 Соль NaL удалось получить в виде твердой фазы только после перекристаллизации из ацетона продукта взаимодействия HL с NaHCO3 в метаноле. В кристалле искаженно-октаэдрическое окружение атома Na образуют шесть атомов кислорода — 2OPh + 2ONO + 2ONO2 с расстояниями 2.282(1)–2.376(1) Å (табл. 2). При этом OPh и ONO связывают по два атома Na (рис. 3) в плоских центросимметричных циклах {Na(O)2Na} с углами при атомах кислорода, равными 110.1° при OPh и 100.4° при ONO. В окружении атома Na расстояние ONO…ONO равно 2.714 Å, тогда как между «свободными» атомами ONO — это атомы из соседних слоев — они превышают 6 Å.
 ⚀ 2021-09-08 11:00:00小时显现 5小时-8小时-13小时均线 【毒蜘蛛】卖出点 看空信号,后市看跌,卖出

==

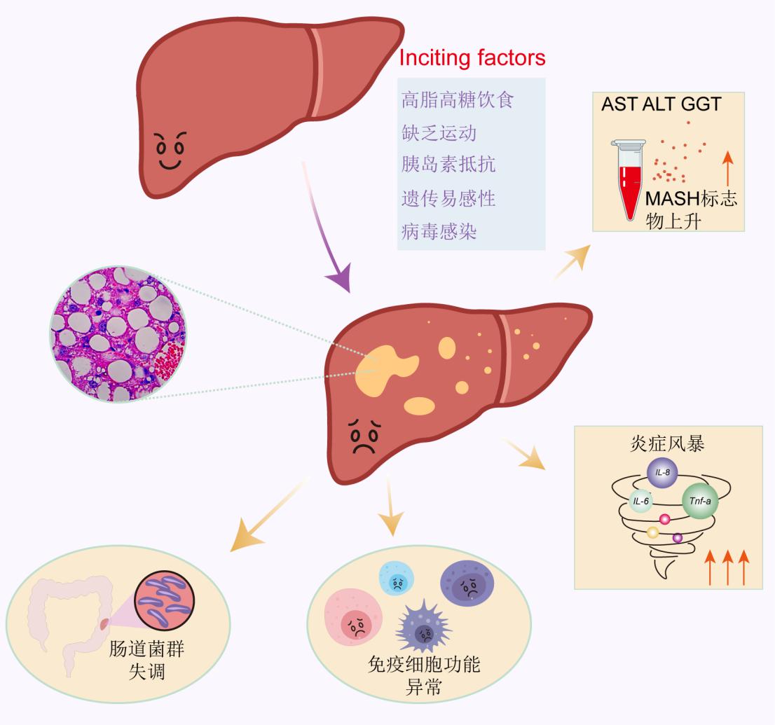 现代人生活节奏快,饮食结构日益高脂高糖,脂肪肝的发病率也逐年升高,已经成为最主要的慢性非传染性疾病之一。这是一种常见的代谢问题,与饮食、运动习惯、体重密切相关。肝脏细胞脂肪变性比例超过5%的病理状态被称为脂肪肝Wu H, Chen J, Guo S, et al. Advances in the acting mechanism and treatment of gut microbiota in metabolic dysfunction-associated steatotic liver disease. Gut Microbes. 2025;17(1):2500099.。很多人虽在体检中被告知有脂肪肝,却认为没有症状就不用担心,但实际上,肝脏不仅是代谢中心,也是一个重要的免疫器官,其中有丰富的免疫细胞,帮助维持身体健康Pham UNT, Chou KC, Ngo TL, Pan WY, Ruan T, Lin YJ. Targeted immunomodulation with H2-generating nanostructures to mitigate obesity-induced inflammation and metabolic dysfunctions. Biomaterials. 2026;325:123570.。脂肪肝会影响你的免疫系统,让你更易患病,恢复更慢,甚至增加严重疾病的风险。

> Goal of the exercise
Please give back exactly the lines of this listing beginning at the line with "Соль NaL удалось" and ending with the line with "5小时-8小时-13小时均线 【毒蜘蛛】卖出点 看空信号,后市看跌,卖出", both included, and nothing else.

> Task response
 Соль NaL удалось получить в виде твердой фазы только после перекристаллизации из ацетона продукта взаимодействия HL с NaHCO3 в метаноле. В кристалле искаженно-октаэдрическое окружение атома Na образуют шесть атомов кислорода — 2OPh + 2ONO + 2ONO2 с расстояниями 2.282(1)–2.376(1) Å (табл. 2). При этом OPh и ONO связывают по два атома Na (рис. 3) в плоских центросимметричных циклах {Na(O)2Na} с углами при атомах кислорода, равными 110.1° при OPh и 100.4° при ONO. В окружении атома Na расстояние ONO…ONO равно 2.714 Å, тогда как между «свободными» атомами ONO — это атомы из соседних слоев — они превышают 6 Å.
 ⚀ 2021-09-08 11:00:00小时显现 5小时-8小时-13小时均线 【毒蜘蛛】卖出点 看空信号,后市看跌,卖出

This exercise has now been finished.